Note: Part 1 to this series can be found HERE, Part 2 HERE, Part 3 HERE and all the code and additional files for this post can be downloaded from my OneDrive folder HERE.

Closing this series with the final post, this part focuses on the SSIS package structure and ties up all the code and architecture described in previous posts. The SQL Server Integration Services solution featured here is very minimalistic as all the heavy lifting is done by the code described mainly in parts two and three. The package is meant to mainly provide a structure or framework to execute individual components and control the workflow and, beyond this functionality, does not utilise any features which facilitate data acquisition e.g. SSIS lookups, merges, conditional splits, data conversion or aggregation etc. There is a little bit of C# code driving some transformations, but most of the components that constitute the package’s structure act as triggers to external code execution only.

The whole package (Control Flow as there is no Data Flow transformations) consists mainly of Execute SQL Task transformations, with a few Script Tasks here and there as per the image below.

Data_Acquisition_Framework_Part4_Complete_SSIS_Package

With the exception of two For Each Loop containers which, as the name suggests, loop through small and large tables, all components execute in a sequential order and once only. Most transformations are connected using Precedence Constraints based on two evaluation operators: Expression and Constraint, as per the image below.

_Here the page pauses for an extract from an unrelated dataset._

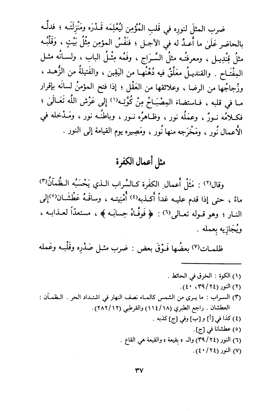 ضرب الْمثل لنوره فِي قلب الْمُؤمن ليعلمه قدره ومنزلته فدله بالحاضر على مَا أعد لَهُ فِي الآجل فَنَفْس الْمُؤمن مثل بَيت وَقَلبه مثل قنديل ومعرفته مثل السراج وفمه مثل الْبَاب وَلسَانه مثل الْمِفْتَاح والقنديل مُعَلّق فِيهِ دهنها من الْيَقِين والفتيلة من الزّهْد وزجاجها من الرِّضَا وعلائقها من الْعقل إِذا فتح الْمُؤمن لِسَانه بِإِقْرَار مَا فِي قلبه فاستضاء الْمِصْبَاح من كوته إِلَى عرش الله تَعَالَى فَكَلَامه نور وَعَمله نور وَظَاهره نور وباطنه نور ومدخله فِي الْأَعْمَال نور ومخرجه مِنْهَا نور ومصيره يَوْم الْقِيَامَة إِلَى النُّور

Data_Acquisition_Framework_Part4_SSIS_Precedence_Constraint_View

This ensures that all the tasks executed not only are required to finish with the status of SUCCESS but also that the underlying code (a stored procedure in most cases) has completed without errors i.e. the returned variable’s @Is_All_OK value is one (1). If the value of @Is_All_OK variable is not one (alternative value is zero), the package workflow should steer into executing task(s) responsible for notifying administrators of the potential issue and terminating subsequent tasks execution.

Let’s go over the package skeleton and how some of the transformations are structured starting with the two top components i.e. ‘Set_All_OK and Sync_Exec_StartTime Variables Values’ and ‘Set DBMail_Receipients Variable Value’. The first transformation simply populates two variables which are used in subsequent package workflow – The @Sync_Exec_Start which is storing package start date and time and @Is_All_OK one which is preliminarily set to zero (0). The following C# snippet is used for this functionality.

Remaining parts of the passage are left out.